_What is being asked_
Your reproduction of the entries should be exact and should contain no pictures.

============================================================

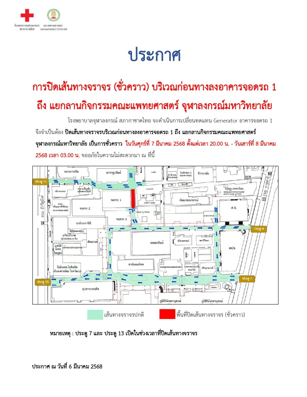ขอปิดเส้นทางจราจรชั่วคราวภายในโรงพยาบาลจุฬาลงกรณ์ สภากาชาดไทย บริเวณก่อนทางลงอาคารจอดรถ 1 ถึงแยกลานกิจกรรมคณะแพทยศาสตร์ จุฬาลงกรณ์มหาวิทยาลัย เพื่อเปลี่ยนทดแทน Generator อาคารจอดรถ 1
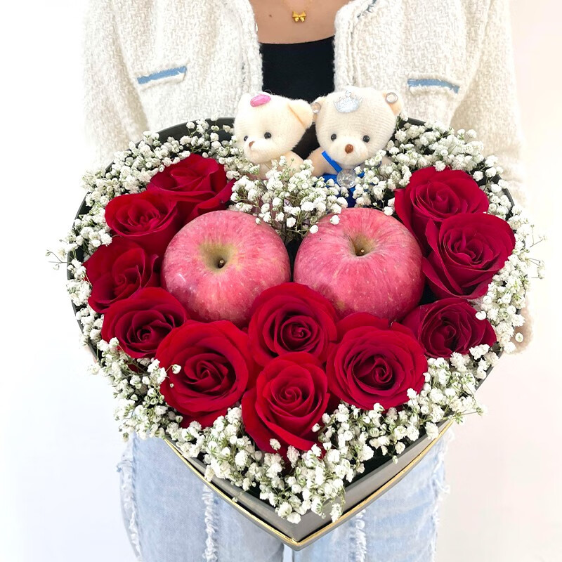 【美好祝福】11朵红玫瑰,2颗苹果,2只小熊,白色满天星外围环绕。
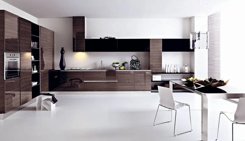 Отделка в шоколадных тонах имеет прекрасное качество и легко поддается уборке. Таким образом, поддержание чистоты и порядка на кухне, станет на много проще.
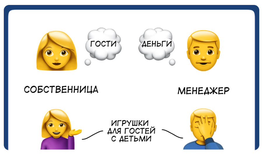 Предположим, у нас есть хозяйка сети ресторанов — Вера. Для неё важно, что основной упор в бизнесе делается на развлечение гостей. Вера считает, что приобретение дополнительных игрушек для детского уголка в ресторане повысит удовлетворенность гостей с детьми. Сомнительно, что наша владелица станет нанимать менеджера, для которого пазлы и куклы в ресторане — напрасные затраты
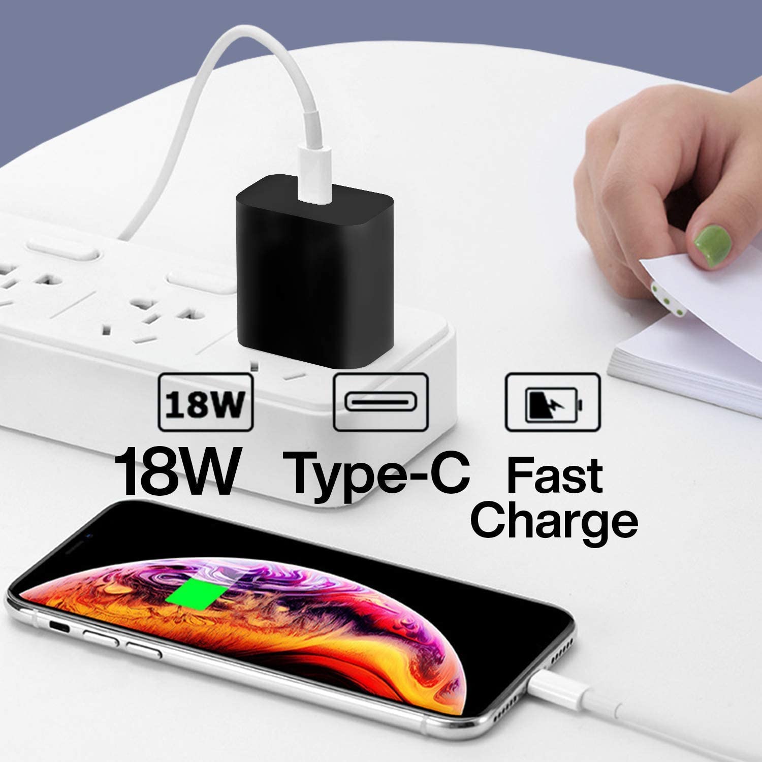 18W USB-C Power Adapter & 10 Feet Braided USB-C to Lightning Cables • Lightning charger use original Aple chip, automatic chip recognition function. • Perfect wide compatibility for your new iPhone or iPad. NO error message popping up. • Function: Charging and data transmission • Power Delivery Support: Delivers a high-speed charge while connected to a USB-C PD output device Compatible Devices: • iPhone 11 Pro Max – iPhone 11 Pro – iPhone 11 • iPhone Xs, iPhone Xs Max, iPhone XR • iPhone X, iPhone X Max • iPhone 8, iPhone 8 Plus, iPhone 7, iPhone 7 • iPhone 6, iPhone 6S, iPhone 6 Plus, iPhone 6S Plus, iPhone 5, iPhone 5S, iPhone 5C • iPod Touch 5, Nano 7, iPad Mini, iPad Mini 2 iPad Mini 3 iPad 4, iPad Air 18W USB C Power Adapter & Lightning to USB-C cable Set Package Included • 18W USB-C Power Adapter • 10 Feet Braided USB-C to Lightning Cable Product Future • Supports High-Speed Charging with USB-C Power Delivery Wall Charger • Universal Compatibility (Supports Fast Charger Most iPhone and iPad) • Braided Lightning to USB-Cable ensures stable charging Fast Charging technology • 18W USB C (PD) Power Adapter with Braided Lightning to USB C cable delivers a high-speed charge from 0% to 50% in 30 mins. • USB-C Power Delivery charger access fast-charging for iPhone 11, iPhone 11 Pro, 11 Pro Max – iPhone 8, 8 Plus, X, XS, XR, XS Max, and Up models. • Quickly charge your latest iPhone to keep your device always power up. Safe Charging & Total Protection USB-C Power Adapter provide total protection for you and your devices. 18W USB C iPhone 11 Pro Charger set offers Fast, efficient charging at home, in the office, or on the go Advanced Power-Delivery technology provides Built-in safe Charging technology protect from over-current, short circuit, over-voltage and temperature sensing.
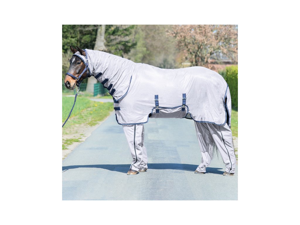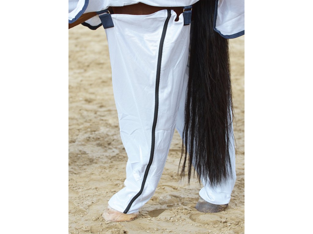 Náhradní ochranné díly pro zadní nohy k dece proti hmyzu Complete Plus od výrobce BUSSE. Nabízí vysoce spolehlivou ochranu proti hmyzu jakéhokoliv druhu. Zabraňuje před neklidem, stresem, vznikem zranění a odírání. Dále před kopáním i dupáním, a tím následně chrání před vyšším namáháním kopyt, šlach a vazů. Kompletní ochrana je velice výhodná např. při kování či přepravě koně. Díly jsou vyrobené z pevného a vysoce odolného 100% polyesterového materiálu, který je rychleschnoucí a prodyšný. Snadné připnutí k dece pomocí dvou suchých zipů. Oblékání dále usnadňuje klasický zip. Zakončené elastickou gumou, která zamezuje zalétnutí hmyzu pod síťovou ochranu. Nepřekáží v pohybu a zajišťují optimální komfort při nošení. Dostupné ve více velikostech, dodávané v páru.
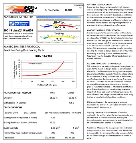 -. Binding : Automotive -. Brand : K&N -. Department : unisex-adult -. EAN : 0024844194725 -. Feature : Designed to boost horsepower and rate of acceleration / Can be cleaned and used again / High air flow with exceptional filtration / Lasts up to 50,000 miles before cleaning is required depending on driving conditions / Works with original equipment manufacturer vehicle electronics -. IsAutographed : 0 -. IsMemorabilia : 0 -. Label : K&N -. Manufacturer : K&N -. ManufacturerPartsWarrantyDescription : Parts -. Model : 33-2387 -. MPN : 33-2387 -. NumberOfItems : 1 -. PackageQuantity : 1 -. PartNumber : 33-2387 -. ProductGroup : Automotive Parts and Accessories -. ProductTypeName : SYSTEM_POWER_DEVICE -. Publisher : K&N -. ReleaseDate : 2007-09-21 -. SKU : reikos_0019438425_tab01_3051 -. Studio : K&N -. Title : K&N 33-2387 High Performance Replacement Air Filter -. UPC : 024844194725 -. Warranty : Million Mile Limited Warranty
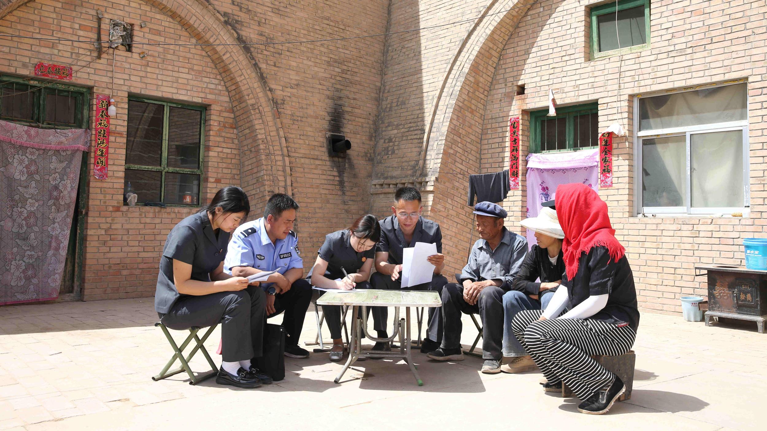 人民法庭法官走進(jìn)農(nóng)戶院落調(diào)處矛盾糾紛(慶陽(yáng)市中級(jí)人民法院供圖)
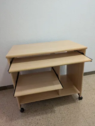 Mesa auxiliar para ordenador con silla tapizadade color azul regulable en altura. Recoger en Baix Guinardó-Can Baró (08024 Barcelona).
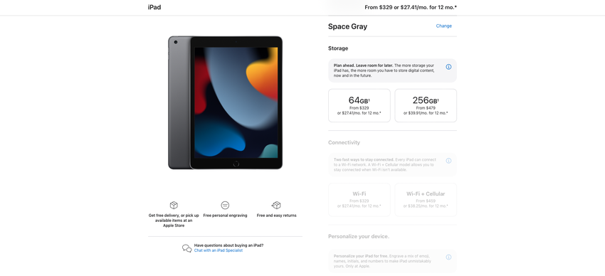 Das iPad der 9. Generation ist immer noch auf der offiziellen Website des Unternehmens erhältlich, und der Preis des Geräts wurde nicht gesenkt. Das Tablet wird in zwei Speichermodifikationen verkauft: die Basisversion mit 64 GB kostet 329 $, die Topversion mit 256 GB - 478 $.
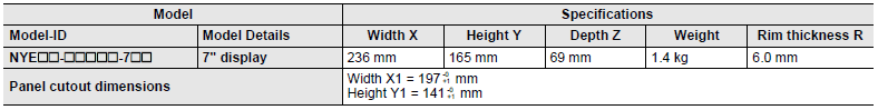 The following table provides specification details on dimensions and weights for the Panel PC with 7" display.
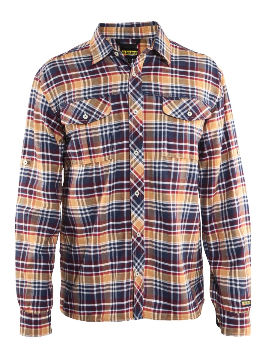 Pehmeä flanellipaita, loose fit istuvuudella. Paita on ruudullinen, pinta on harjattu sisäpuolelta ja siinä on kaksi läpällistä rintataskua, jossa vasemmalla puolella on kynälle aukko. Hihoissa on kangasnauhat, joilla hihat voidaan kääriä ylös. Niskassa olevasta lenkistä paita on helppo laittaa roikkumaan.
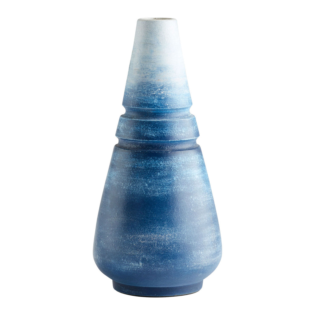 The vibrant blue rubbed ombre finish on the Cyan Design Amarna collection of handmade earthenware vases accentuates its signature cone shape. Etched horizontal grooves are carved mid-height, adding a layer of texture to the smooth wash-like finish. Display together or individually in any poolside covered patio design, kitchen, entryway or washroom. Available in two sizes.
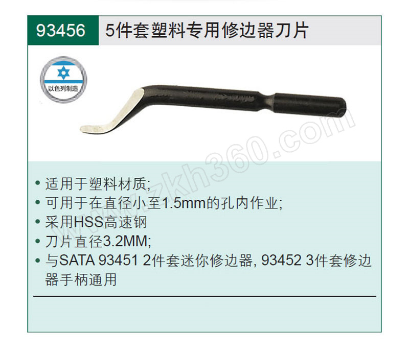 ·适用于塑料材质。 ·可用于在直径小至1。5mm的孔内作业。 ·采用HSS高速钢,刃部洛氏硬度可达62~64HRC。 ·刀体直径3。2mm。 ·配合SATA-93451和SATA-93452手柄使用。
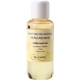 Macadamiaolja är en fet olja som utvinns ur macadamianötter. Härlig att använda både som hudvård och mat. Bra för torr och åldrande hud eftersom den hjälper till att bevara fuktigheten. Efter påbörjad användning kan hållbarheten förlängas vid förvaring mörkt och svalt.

============================================================

_Solution to this exercise_
ขอปิดเส้นทางจราจรชั่วคราวภายในโรงพยาบาลจุฬาลงกรณ์ สภากาชาดไทย บริเวณก่อนทางลงอาคารจอดรถ 1 ถึงแยกลานกิจกรรมคณะแพทยศาสตร์ จุฬาลงกรณ์มหาวิทยาลัย เพื่อเปลี่ยนทดแทน Generator อาคารจอดรถ 1
 【美好祝福】11朵红玫瑰,2颗苹果,2只小熊,白色满天星外围环绕。
 Отделка в шоколадных тонах имеет прекрасное качество и легко поддается уборке. Таким образом, поддержание чистоты и порядка на кухне, станет на много проще.
 Предположим, у нас есть хозяйка сети ресторанов — Вера. Для неё важно, что основной упор в бизнесе делается на развлечение гостей. Вера считает, что приобретение дополнительных игрушек для детского уголка в ресторане повысит удовлетворенность гостей с детьми. Сомнительно, что наша владелица станет нанимать менеджера, для которого пазлы и куклы в ресторане — напрасные затраты
 18W USB-C Power Adapter & 10 Feet Braided USB-C to Lightning Cables • Lightning charger use original Aple chip, automatic chip recognition function. • Perfect wide compatibility for your new iPhone or iPad. NO error message popping up. • Function: Charging and data transmission • Power Delivery Support: Delivers a high-speed charge while connected to a USB-C PD output device Compatible Devices: • iPhone 11 Pro Max – iPhone 11 Pro – iPhone 11 • iPhone Xs, iPhone Xs Max, iPhone XR • iPhone X, iPhone X Max • iPhone 8, iPhone 8 Plus, iPhone 7, iPhone 7 • iPhone 6, iPhone 6S, iPhone 6 Plus, iPhone 6S Plus, iPhone 5, iPhone 5S, iPhone 5C • iPod Touch 5, Nano 7, iPad Mini, iPad Mini 2 iPad Mini 3 iPad 4, iPad Air 18W USB C Power Adapter & Lightning to USB-C cable Set Package Included • 18W USB-C Power Adapter • 10 Feet Braided USB-C to Lightning Cable Product Future • Supports High-Speed Charging with USB-C Power Delivery Wall Charger • Universal Compatibility (Supports Fast Charger Most iPhone and iPad) • Braided Lightning to USB-Cable ensures stable charging Fast Charging technology • 18W USB C (PD) Power Adapter with Braided Lightning to USB C cable delivers a high-speed charge from 0% to 50% in 30 mins. • USB-C Power Delivery charger access fast-charging for iPhone 11, iPhone 11 Pro, 11 Pro Max – iPhone 8, 8 Plus, X, XS, XR, XS Max, and Up models. • Quickly charge your latest iPhone to keep your device always power up. Safe Charging & Total Protection USB-C Power Adapter provide total protection for you and your devices. 18W USB C iPhone 11 Pro Charger set offers Fast, efficient charging at home, in the office, or on the go Advanced Power-Delivery technology provides Built-in safe Charging technology protect from over-current, short circuit, over-voltage and temperature sensing.
 Náhradní ochranné díly pro zadní nohy k dece proti hmyzu Complete Plus od výrobce BUSSE. Nabízí vysoce spolehlivou ochranu proti hmyzu jakéhokoliv druhu. Zabraňuje před neklidem, stresem, vznikem zranění a odírání. Dále před kopáním i dupáním, a tím následně chrání před vyšším namáháním kopyt, šlach a vazů. Kompletní ochrana je velice výhodná např. při kování či přepravě koně. Díly jsou vyrobené z pevného a vysoce odolného 100% polyesterového materiálu, který je rychleschnoucí a prodyšný. Snadné připnutí k dece pomocí dvou suchých zipů. Oblékání dále usnadňuje klasický zip. Zakončené elastickou gumou, která zamezuje zalétnutí hmyzu pod síťovou ochranu. Nepřekáží v pohybu a zajišťují optimální komfort při nošení. Dostupné ve více velikostech, dodávané v páru.
 -. Binding : Automotive -. Brand : K&N -. Department : unisex-adult -. EAN : 0024844194725 -. Feature : Designed to boost horsepower and rate of acceleration / Can be cleaned and used again / High air flow with exceptional filtration / Lasts up to 50,000 miles before cleaning is required depending on driving conditions / Works with original equipment manufacturer vehicle electronics -. IsAutographed : 0 -. IsMemorabilia : 0 -. Label : K&N -. Manufacturer : K&N -. ManufacturerPartsWarrantyDescription : Parts -. Model : 33-2387 -. MPN : 33-2387 -. NumberOfItems : 1 -. PackageQuantity : 1 -. PartNumber : 33-2387 -. ProductGroup : Automotive Parts and Accessories -. ProductTypeName : SYSTEM_POWER_DEVICE -. Publisher : K&N -. ReleaseDate : 2007-09-21 -. SKU : reikos_0019438425_tab01_3051 -. Studio : K&N -. Title : K&N 33-2387 High Performance Replacement Air Filter -. UPC : 024844194725 -. Warranty : Million Mile Limited Warranty
 人民法庭法官走進(jìn)農(nóng)戶院落調(diào)處矛盾糾紛(慶陽(yáng)市中級(jí)人民法院供圖)
 Mesa auxiliar para ordenador con silla tapizadade color azul regulable en altura. Recoger en Baix Guinardó-Can Baró (08024 Barcelona).
 Das iPad der 9. Generation ist immer noch auf der offiziellen Website des Unternehmens erhältlich, und der Preis des Geräts wurde nicht gesenkt. Das Tablet wird in zwei Speichermodifikationen verkauft: die Basisversion mit 64 GB kostet 329 $, die Topversion mit 256 GB - 478 $.
 The following table provides specification details on dimensions and weights for the Panel PC with 7" display.
 Pehmeä flanellipaita, loose fit istuvuudella. Paita on ruudullinen, pinta on harjattu sisäpuolelta ja siinä on kaksi läpällistä rintataskua, jossa vasemmalla puolella on kynälle aukko. Hihoissa on kangasnauhat, joilla hihat voidaan kääriä ylös. Niskassa olevasta lenkistä paita on helppo laittaa roikkumaan.
 The vibrant blue rubbed ombre finish on the Cyan Design Amarna collection of handmade earthenware vases accentuates its signature cone shape. Etched horizontal grooves are carved mid-height, adding a layer of texture to the smooth wash-like finish. Display together or individually in any poolside covered patio design, kitchen, entryway or washroom. Available in two sizes.
 ·适用于塑料材质。 ·可用于在直径小至1。5mm的孔内作业。 ·采用HSS高速钢,刃部洛氏硬度可达62~64HRC。 ·刀体直径3。2mm。 ·配合SATA-93451和SATA-93452手柄使用。
 Macadamiaolja är en fet olja som utvinns ur macadamianötter. Härlig att använda både som hudvård och mat. Bra för torr och åldrande hud eftersom den hjälper till att bevara fuktigheten. Efter påbörjad användning kan hållbarheten förlängas vid förvaring mörkt och svalt.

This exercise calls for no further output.